The architecture for SID frame generation and processing is integrated within the speech codec's operational modes. The encoder, upon VAD-triggered transition from active speech to silence, transmits an initial SID frame (often called a 'first SID') to establish the noise parameters. Subsequently, during the prolonged silence period, the encoder may send periodic update SID frames at a much lower rate (e.g., every 160 ms or 320 ms) compared to the regular 20 ms speech frame rate, to track any changes in the background noise. This discontinuous transmission (DTX) mechanism, where SID frames are sent sporadically, is the core of bandwidth savings. The receiver's decoder uses the information in the received SID frames to synthesize comfort noise through a noise generation function, preventing the eerie 'dead silence' that would otherwise be perceived by the listener and maintaining a natural call experience.

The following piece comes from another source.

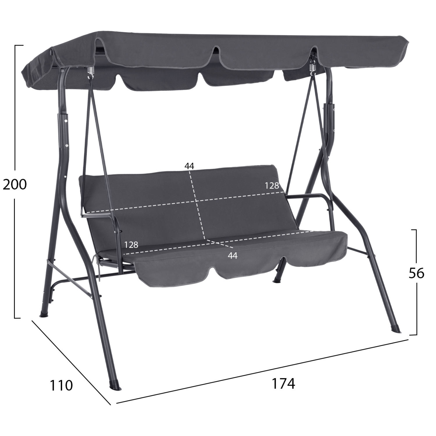 ΚΟΥΝΙΑ 3ΘΕΣΙΑ ΜΕ ΣΚΙΑΣΤΡΟ FB95979.01 ΜΕΤΑΛΛΙΚΗ ΓΚΡΙ ΧΡΩΜΑ 174x110x159-200Υεκ. Ύφασμα Γκρι Κούνιες
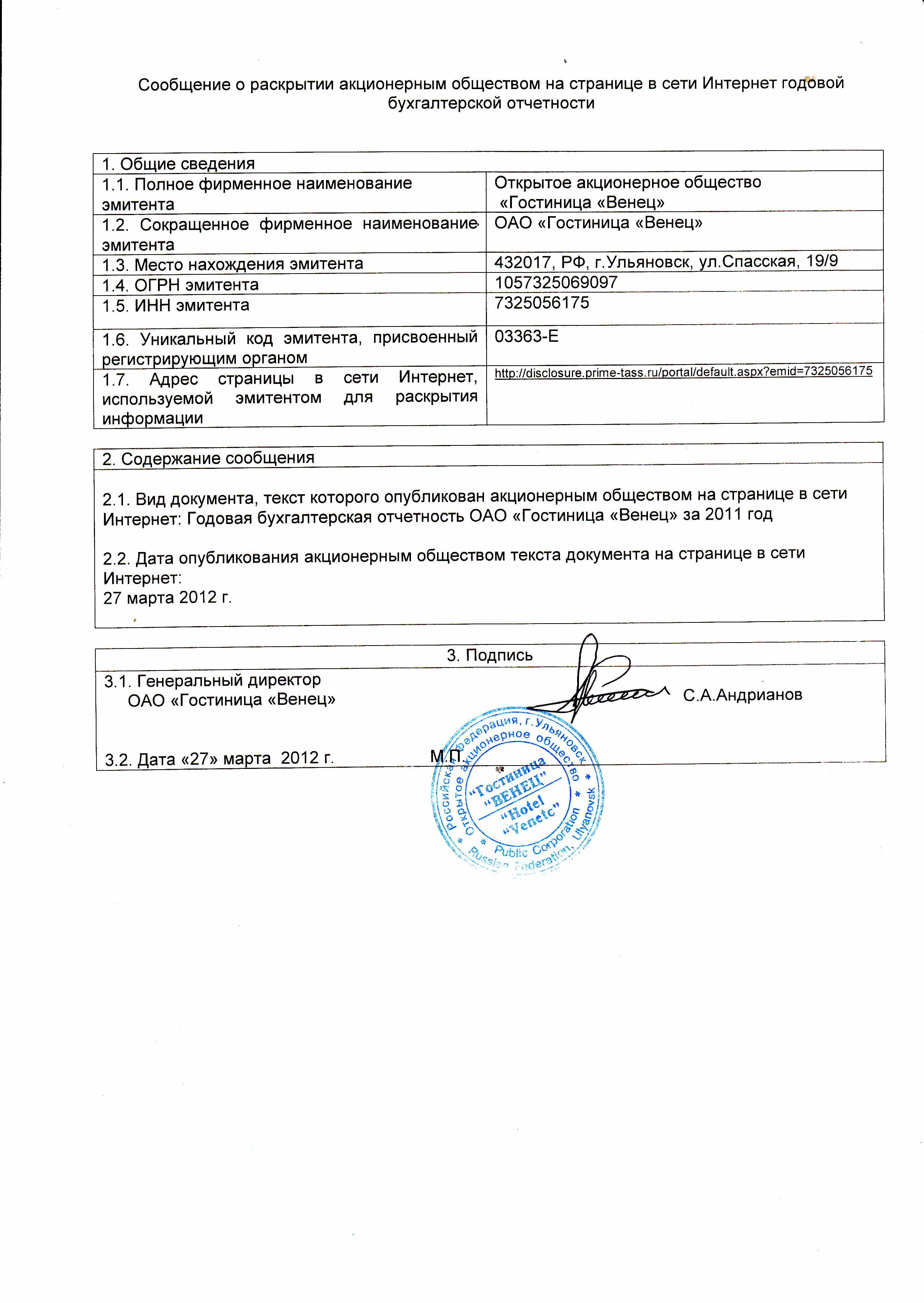 Сообщение о раскрытии на странице в сети Интернет годовой бухгалтерской отчетности за 2011г. от 27.03.2012 | |

The technical implementation of SID frames involves specific bit patterns and frame types defined in the codec specifications. For AMR, there are different SID frame types corresponding to various codec modes. The SID frame is much smaller than a full speech frame; for instance, an AMR 12.2 kbps mode speech frame is 244 bits, while a SID frame can be as small as 35 bits. This drastic reduction in payload size is what conserves radio resources and battery life. The SID mechanism works in tandem with the Radio Access Network's transport protocols, which must correctly identify and handle these special frames to ensure they are not mistaken for corrupted data. The role of SID is thus critical in the end-to-end voice service chain, enabling efficient use of the channel while preserving a high-quality, natural-sounding user experience, which is a key requirement for mobile telephony.
Purpose & Motivation
The primary purpose of the Silence Insertion Descriptor is to enable efficient bandwidth utilization during voice calls by eliminating the wasteful transmission of silence. In early digital voice systems, even during pauses in speech, the channel would remain occupied with data representing background noise or mere digital silence, consuming valuable radio spectrum and network capacity. This was particularly problematic for cellular networks where spectrum is a scarce and expensive resource. The SID mechanism, as part of the DTX feature, was created to solve this problem, directly increasing the number of simultaneous calls a cell can handle and reducing interference in the system.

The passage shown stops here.